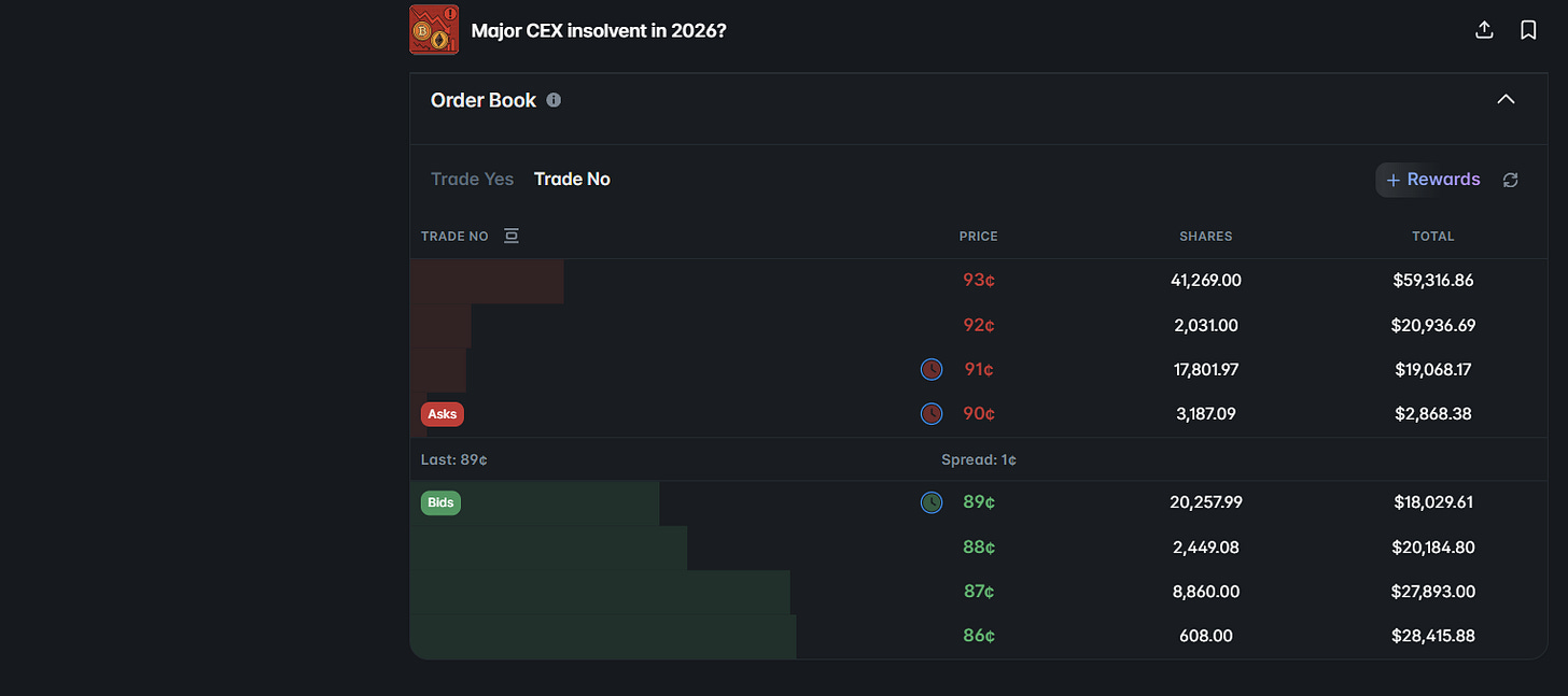 Thereâs a market called âMajor CEX insolvent in 2026?â, which resolves to YES only if Binance, Coinbase, Bybit, OKX, or Kraken will be insolvent by the end of the year.
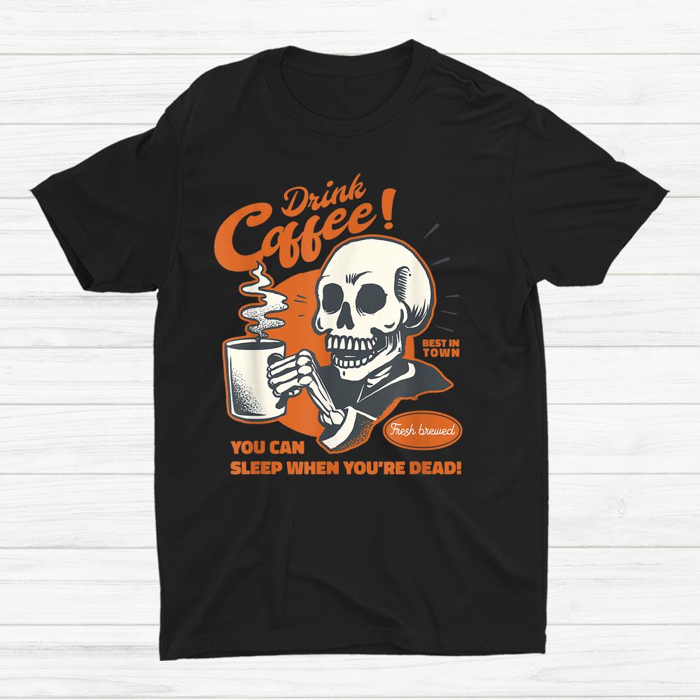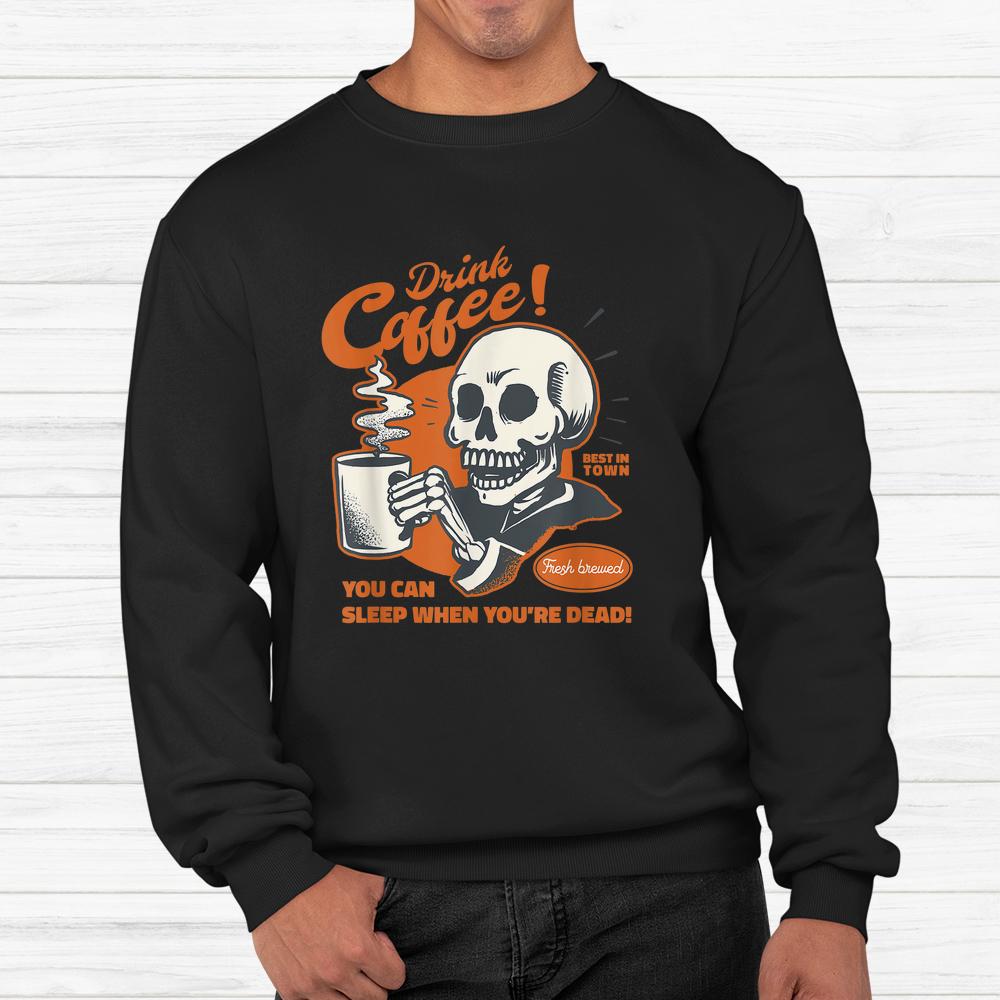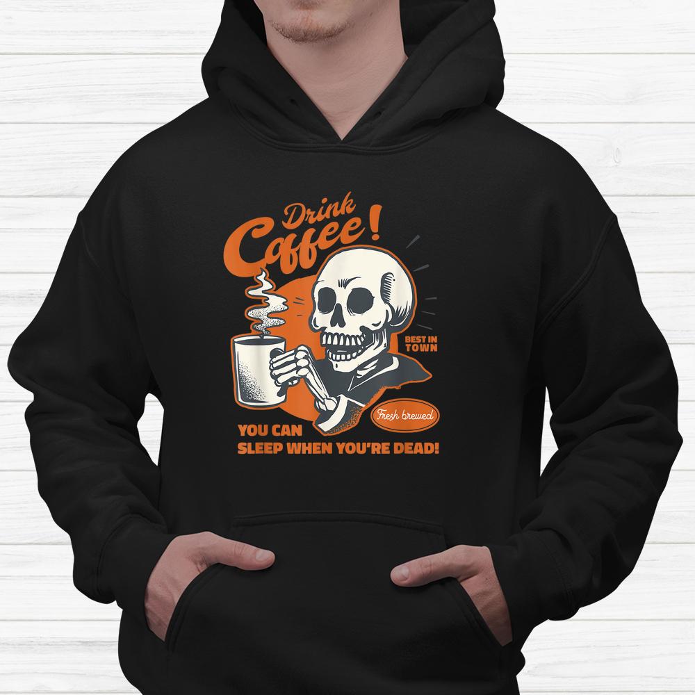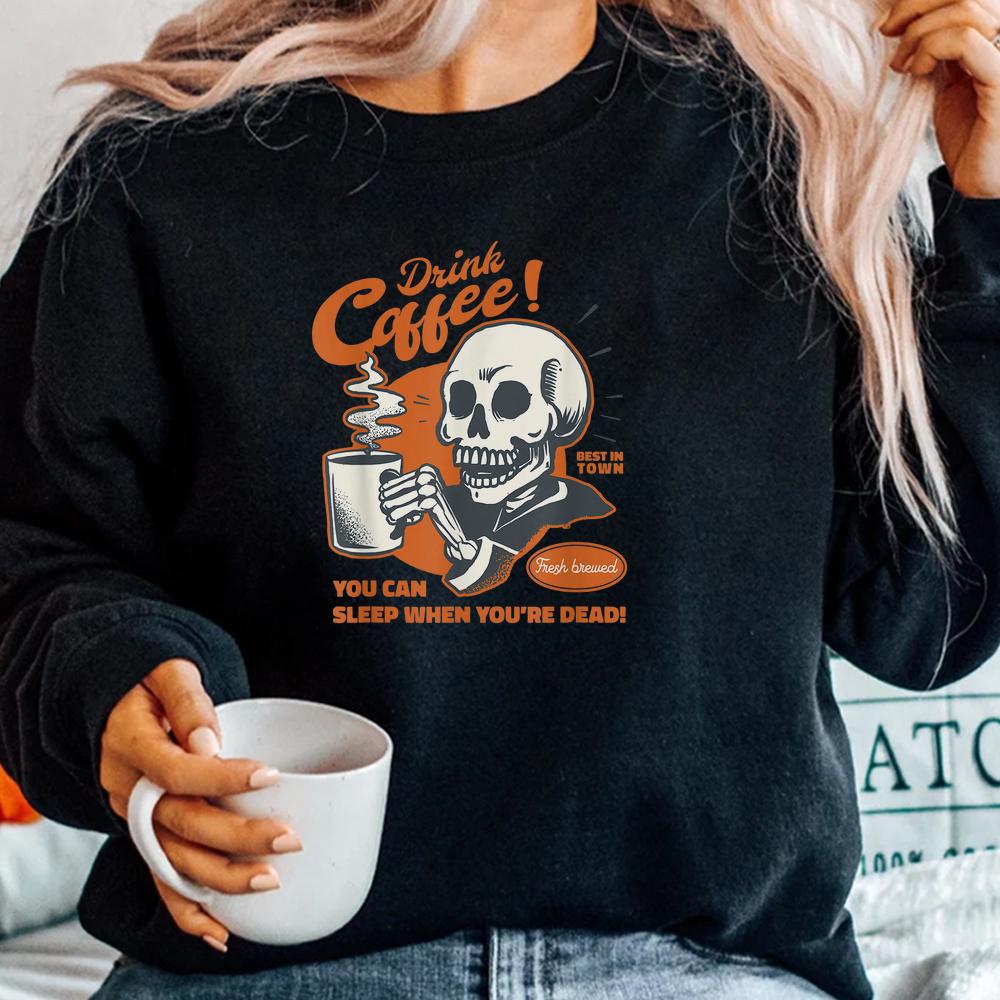 Funny Skeleton Drinking Coffee Halloween Spooky Shirt, hoodie, sweatshirt, long sleeve and ladies T-shirt
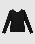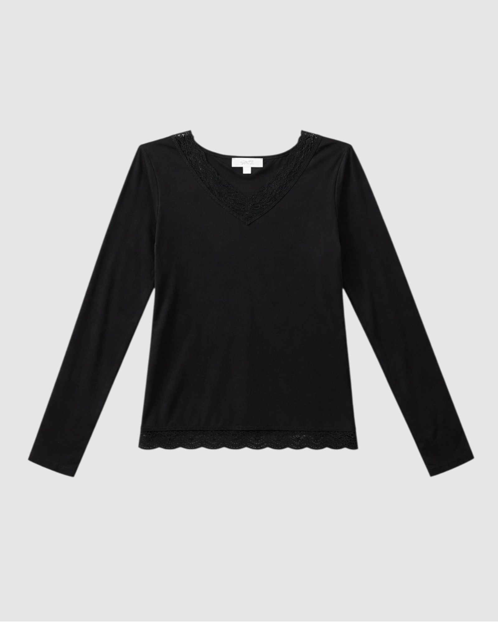 Ce top noir à manches longues allie élégance et féminité avec subtilité. Confectionné dans une matière douce et fluide, il offre un tombé confortable et agréable à porter au quotidien.
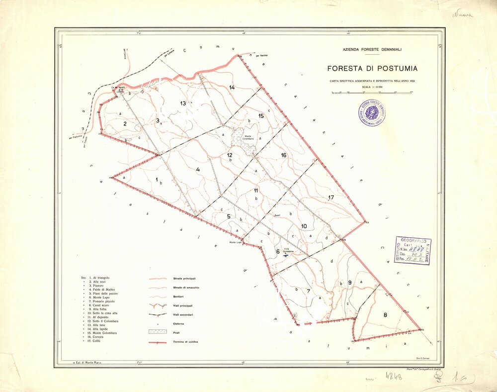 Carta sinottica aggiornata e riprodotta nell’anno 1922. Rappresentazione orografica planimetrica. In basso a sinistra l’elenco delle sezioni e delle strade. Disegnatore E. Daresi; premiato stabilimento cartografico G. Giardi.
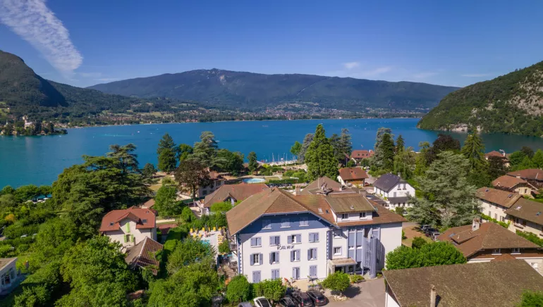 38 chambres et 4 junior suite. Le petit déjeuner buffet est servi à partir de 7h30 jusqu'à 11 heures. Il vous permettra de vitaminer votre journée. Détendez vous au bord de la piscine ou à l'ombre des catalpas, ou profitez de la plage de Talloires en contrebas dont l'accès vous est gracieusement offert par l'hôtel.
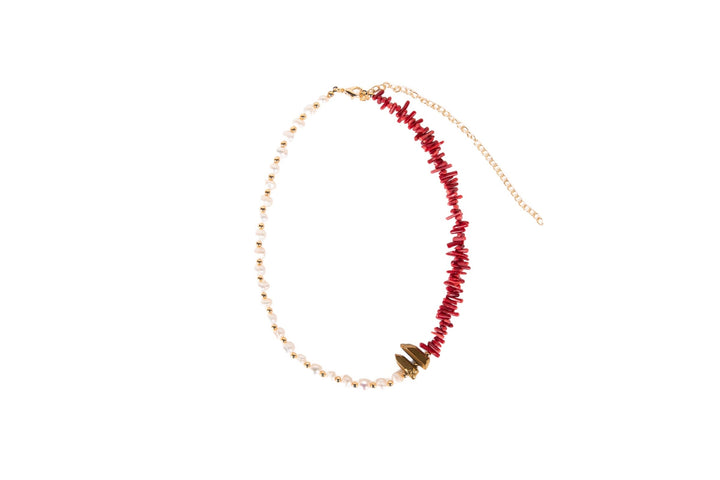 Adorn yourself with the timeless elegance of our Cora Pearl Necklace, featuring freshwater pearls with red coral detailing and a gold-plated brass clasp fastening on Hematite. Crafted with care and attention to detail, each necklace is a testament to the beauty of artisanal craftsmanship. Handmade with love, it's a versatile piece that adds a touch of sophistication to any ensemble. A must-have accessory for those who appreciate the finer things in life.
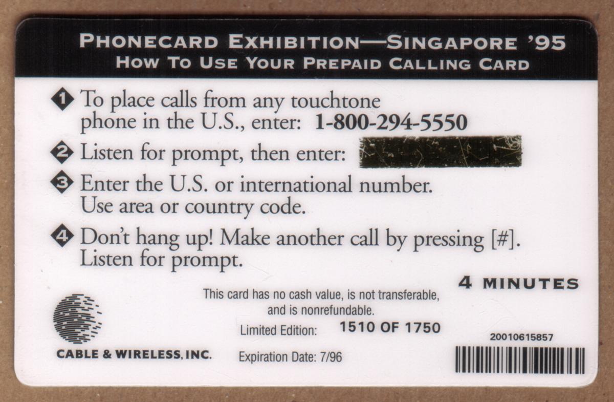 This phone card was issued for promotional purposes connected to the Singapore '95 Phonecard Exhibition. It represents a collectible item showcasing the Singapore skyline as seen from above, emphasizing the city’s modern architecture and its importance as a commercial hub in the mid-1990s.

______

*WHAT THE TASK REQUIRES*: Look at the listing and set down only the lines from its start through the line with "Adorn yourself with", word for word and without pictures.

*EXERCISE SOLUTION*:
 Thereâs a market called âMajor CEX insolvent in 2026?â, which resolves to YES only if Binance, Coinbase, Bybit, OKX, or Kraken will be insolvent by the end of the year.
 Funny Skeleton Drinking Coffee Halloween Spooky Shirt, hoodie, sweatshirt, long sleeve and ladies T-shirt
 Ce top noir à manches longues allie élégance et féminité avec subtilité. Confectionné dans une matière douce et fluide, il offre un tombé confortable et agréable à porter au quotidien.
 Carta sinottica aggiornata e riprodotta nell’anno 1922. Rappresentazione orografica planimetrica. In basso a sinistra l’elenco delle sezioni e delle strade. Disegnatore E. Daresi; premiato stabilimento cartografico G. Giardi.
 38 chambres et 4 junior suite. Le petit déjeuner buffet est servi à partir de 7h30 jusqu'à 11 heures. Il vous permettra de vitaminer votre journée. Détendez vous au bord de la piscine ou à l'ombre des catalpas, ou profitez de la plage de Talloires en contrebas dont l'accès vous est gracieusement offert par l'hôtel.
 Adorn yourself with the timeless elegance of our Cora Pearl Necklace, featuring freshwater pearls with red coral detailing and a gold-plated brass clasp fastening on Hematite. Crafted with care and attention to detail, each necklace is a testament to the beauty of artisanal craftsmanship. Handmade with love, it's a versatile piece that adds a touch of sophistication to any ensemble. A must-have accessory for those who appreciate the finer things in life.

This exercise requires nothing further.